A brawl broke out as we left the party, on a small patch of grass by the newly-moored boat.

I might have joined in if I'd had a little more to drink. As it was, I simply stood back and admired the efficiency with which the evening was ruined.

No-one in the mob of enthusiastic spectators seemed to know quite what it was all about. We agreed that someone had done something to someone at some point between Putney and Hammersmith, but who had done what to whom when was not clear. Whatever the excuse, it no longer mattered: we were all taking far too much pleasure in the violence to care.

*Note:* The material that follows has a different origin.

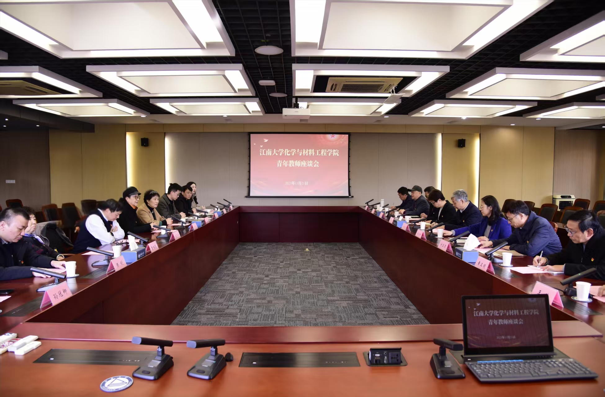 11月21日下午,化学与材料工程学院在行政楼B307召开青年教师座谈会。校关工委常务副主任娄国栋、党委教师工作部部长方正泉、离退休党委书记兼工作处处长张才兴、化学与材料工程学院党委书记周雪晖、工会副处级干部许南惠,学校与学院刘玉、刘晓亚、蒋平平、曹维蓓关工委老同志以及青年教师代表等共同参加。会议由学院副院长、关工委副主任王靖主持。
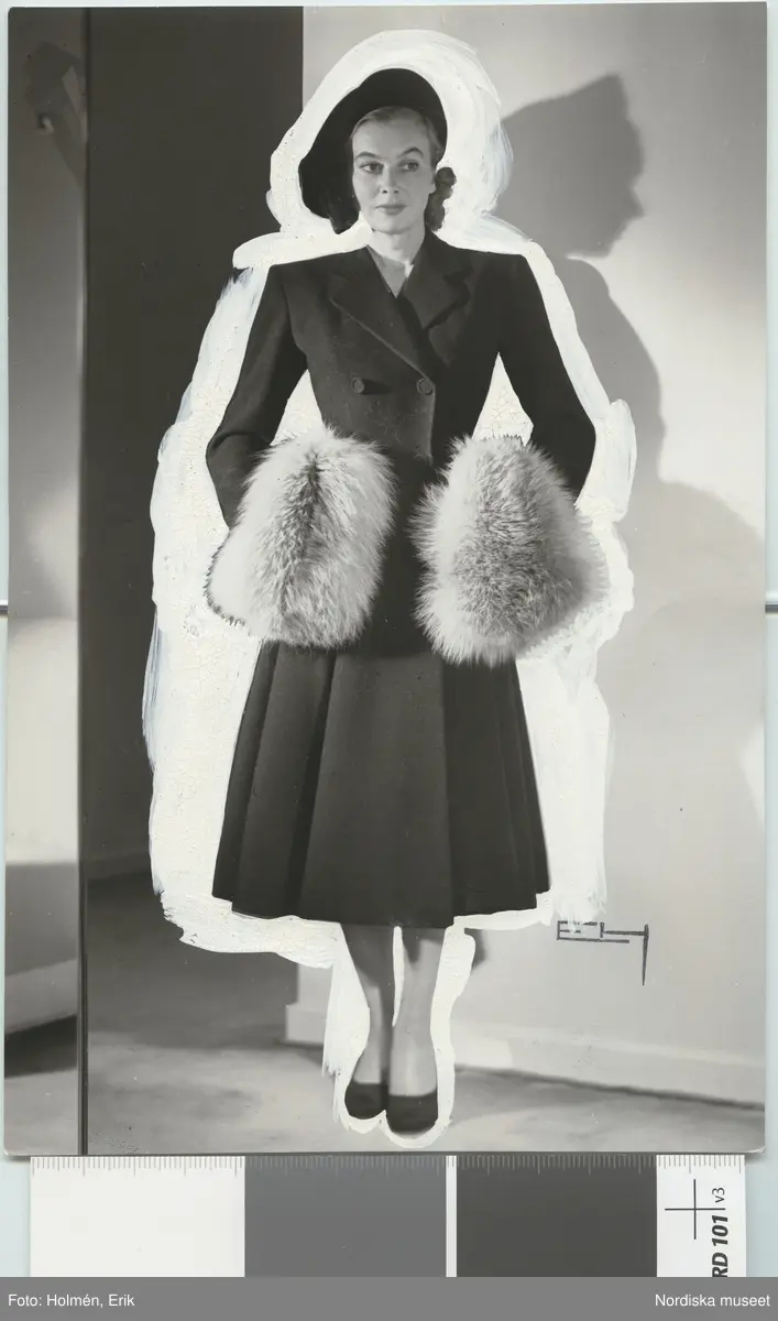 Nordiska Kompaniet. Kvinna i mörk kappa med stora pälsbesättningar vid ärmsluten.

James and I vicariously enjoyed the ruckus throughout its opening exchanges: small pockets of participants slugging away, sometimes three on three, occasionally five on one; a young man with spiky blond hair crawling out of the battle, shirt bloodied, face blackened, trying hopelessly to light a cigarette; a young woman with ponytail half-undone, mud smeared harshly across her cream dress, standing on the deck of the boat and throwing a table, with a guttural howl, off onto the hordes below...

Once the adrenalin of the pugilists had begun to give way to shame, James and I sloped away for the bus, passing and briefly consoling the devastated birthday girl on the way.

At the stop we sat and we waited and we quietly reminisced, smiling in awe at the frenzy that we'd seen. The occasional shout could still be heard in the distance, and, approaching from afar, the faint sound of a siren. We had had our fill - it was time to go home.